WASHINGTON — Oil and gas companies trying to lure women into the industry have some work to do, according to a new report.
The analysis by NES Global Talent, released Wednesday, finds in a survey that while 75 percent of women feel welcome working in the oil industry, nearly half believe they don’t get the same recognition as male colleagues who dominate the field.
“There are clear improvements to be made, if the oil and gas sector is to attract larger numbers of female engineers,” said Neil Tregarthen, CEO of the recruiting firm that is based in Manchester, U.K., and has offices in Houston and more than two dozen countries. “Many respondents said they are paid less, have fewer opportunities than their male counterparts and have to work harder than men to prove themselves.”
The survey was conducted of 272 female engineers registered with the jobs site OilCareers in December 2013. The survey respondents worked in more than 16 countries, with 13 percent coming from the United Kingdom, 8 percent coming from India, 6 percent from the U.S. And 6 percent from Canada. Nearly three quarters of them were between 25 and 44 years of age.
In anonymous comments, some of the survey participants said that women are generally welcomed in the industry where roughly 80 percent of the workforce is male. At least one observed that it is a great opportunity “to break barriers and stereotypes.”
“There have been occasions in the past – especially offshore – that I have felt regarded as a novelty and not taken seriously,” one respondent said anonymously. “People are usually surprised when they find out that I am an oil and gas engineer, both inside and out of the industry.”
Eight-nine percent of the survey respondents said they would encourage a female friend to pursue a career in oil and gas.
“I would support a female who had already decided it was what they wanted to do,” said one anonymous survey taker. “However, I would also point out that it can be very hard and very lonely.”
Respondents who said they did not receive the same recognition for their work as male peers described feeling as if they must work harder to prove themselves or fight for offshore, out-of-the-office opportunities. One commenter suggested that females are sometimes viewed as having been hired “because the company wanted diversity.”
The document underscores that the oil and gas industry’s appeal crosses gender lines. Respondents said they were attracted to the sector because it offered varied work, travel opportunities and big workplace challenges.
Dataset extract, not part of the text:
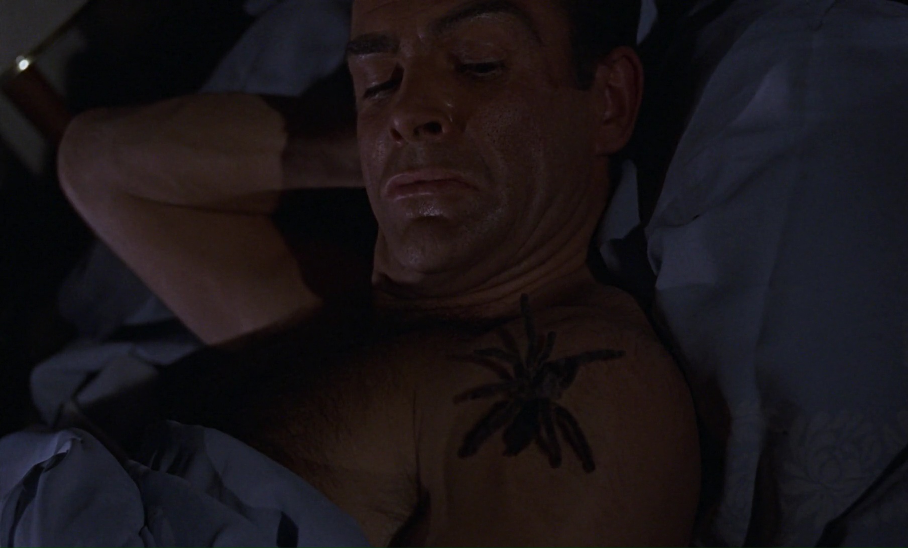 Forcément oui la course poursuite en voiture a prit un coup de vieux et le tournage en studio se remarque à des kilomètres, forcément les combats ne sont pas aussi punchy que ce que l’on fait aujourd’hui, mais ça ne me dérange pas. Ça donnerait même un petit charme au métrage. Charme qui opère d’ailleurs bien durant presque toute la première heure. James Bond est envoyé en mission, il fait tomber toutes les femmes à ses pieds, il a un permis de tuer. Sean Connery campe à la perfection cet agent secret, entre flegme certain, séducteur, tueur et parfois, comique un peu raté (ces quelques punchlines ne sont pas parmi les plus réussies). Je peux donc comprendre que le personnage a marqué les esprits, tout comme son acteur. La plupart des bases de la saga sont déjà là, comme M qui envoi James en mission, Moneypenny, le fameux thème de John Barry, ou encore l’introduction où James tire sur l’écran qui devient ensanglanté, avec le gun barrel. Il ne manque à l’appel que les génériques stylisés et les gadgets. La première heure, que l’on pourra considérer comme l’enquête, fonctionne plutôt bien. Même si certains aspects m’auront fait rire. James sait tout à l’avance, et envoyé secrètement en Jamaïque, sauf qu’à son arrivée, il est déjà surveillé par un homme, prit en filature par une voiture, et monte dans la voiture d’un autre attaquant. Pour un agent dit « secret », on dirait que tout le monde le connaît déjà. Mais si le début fait illusion, la suite se gâte un peu. Le récit se perd alors un peu en longueur, et lorsque James arrive sur l’île du Dr No, mmmm… Je sais bien que le plan où Ursula Andress apparaît est devenu culte, mais son personnage m’horripile. Inutile au récit, incapable de faire quoi que ce soit, il faut sans cesse la sauver.

Tregarthen said the industry “needs to find creative ways to attract women” and should seek to lure those currently working in other industries. Broadly, the industry can tap into women’s networks and have positive role models give speeches at universities as a way to encourage more women to enter the sector, Tregarthen said.
“The industry needs to show that there is nothing stopping women with the right skills and qualifications from enjoying a successful engineering career,” he said.